The Government is powerless to impose a ban on meat imports unless beef contaminated with horse meat is found to be a health risk, environment secretary Owen Paterson said today.

The Food Standards Agency (FSA) has said there is no evidence to suggest the horse meat detected poses a danger to humans, but confirmed that tests have been ordered on products for the veterinary drug phenylbutazone as animals treated with "bute" are not allowed to enter the food chain.

Mr Paterson was speaking after warning yesterday that the next set of results on all retailers' and manufacturers' processed beef products could reveal further traces of horse meat.

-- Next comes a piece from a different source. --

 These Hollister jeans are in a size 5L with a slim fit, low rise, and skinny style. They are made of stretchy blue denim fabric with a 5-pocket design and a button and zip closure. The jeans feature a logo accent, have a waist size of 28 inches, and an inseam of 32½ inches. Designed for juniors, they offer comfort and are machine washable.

"There may well be more bad results coming through, that's the point of doing this random analysis," Mr Paterson said.

The results, ordered by the FSA, are due on Friday.

Appearing on BBC1's Sunday Politics show, Mr Paterson repeated his vow to get to the bottom of the scandal, which he has suggested is part of an international criminal conspiracy.

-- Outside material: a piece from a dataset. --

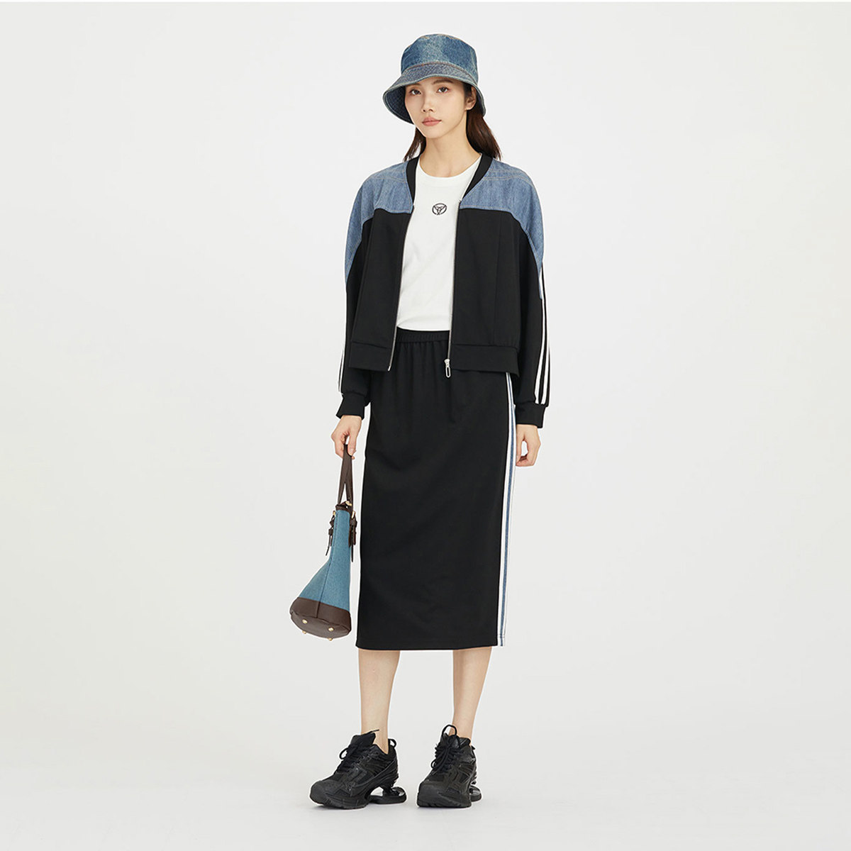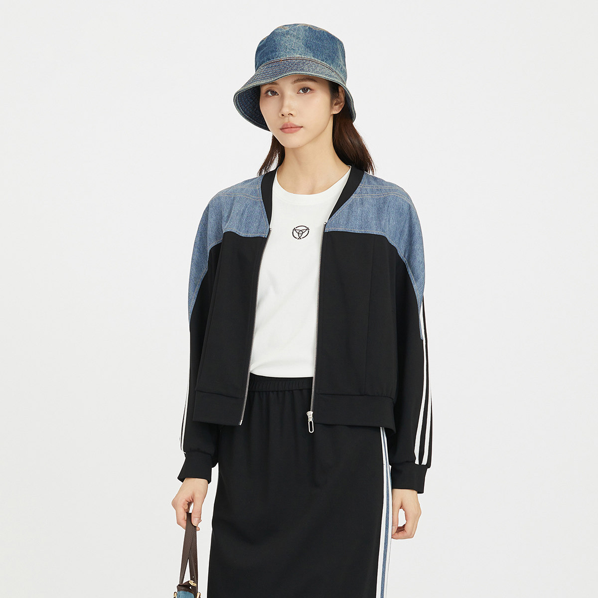 SANI奥莱特卖商场同款莫代尔潮酷拼接棒球领外套女春秋季百搭开衫

He said: "This week obviously we'll be talking to counterparts across Europe, because ultimately this is European Union competence."

But asked if there should be a moratorium on meat imports in the EU, he said: "That is not allowed within the European common market.

"If they find there is a product which could potentially be injurious to public health, emphatically, I will take the necessary action."

Asked if he would consider a ban if tests proved there was a food safety risk, he added: "If there is a threat to public health that is allowed within the rules of the European market."

He spoke after the chair of the Environment, Food and Rural Affairs Select Committee backed a ban and urged the public to buy their meat locally.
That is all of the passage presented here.